Faculty Profile: Beverley Mullings

Beverley Mullings

Professor, Department of Geography & Planning

Beverley MullingsBeverley Mullings is a professor of political economy. She is interested in the ways that evolving racial capitalist regimes are recasting and transforming work, divisions of labour, patterns of urban governance and ultimately, responses to social and economic injustice in post-plantation economies.

Mullings is currently engaged in a number of research projects that include: an examination of the kinds of dispossessions that financialization is enabling in the Caribbean; the transforming nature of work within racial capitalist regimes; the place of diaspora in the re-making of Caribbean radical traditions; and the relationship between middle-classness and social transformation in Jamaica.
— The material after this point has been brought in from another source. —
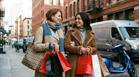 Two stylish women in winter coats and scarves walk and talk on a city street, carrying shopping bags after a successful day of retail therapy.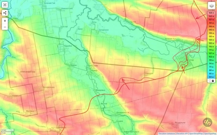 По его информации, в соседней Алексеевке продолжаются ожесточённые бои. Российские войска развивают наступление в сторону села Отрадное и продвигаются к населенному пункту Комар.

She also has a long-standing commitment to questions of mental health in the academy, and currently co-chairs the AAG Mental Health and the Academy Affinity Group. Her publications have appeared in a number of journals including the Annals of the Association of American Geographers, Gender, Place and Culture, the Journal of Economic Geography, Antipode, Review of International Political Economy, Small Axe, Geoffrey and Environment and Planning A.

Mullings looks forward to getting to know the many communities at the University that she can become a part of, as well as having an opportunity to teach and learn from the great diversity of students who will bring their knowledge and experiences to the classroom.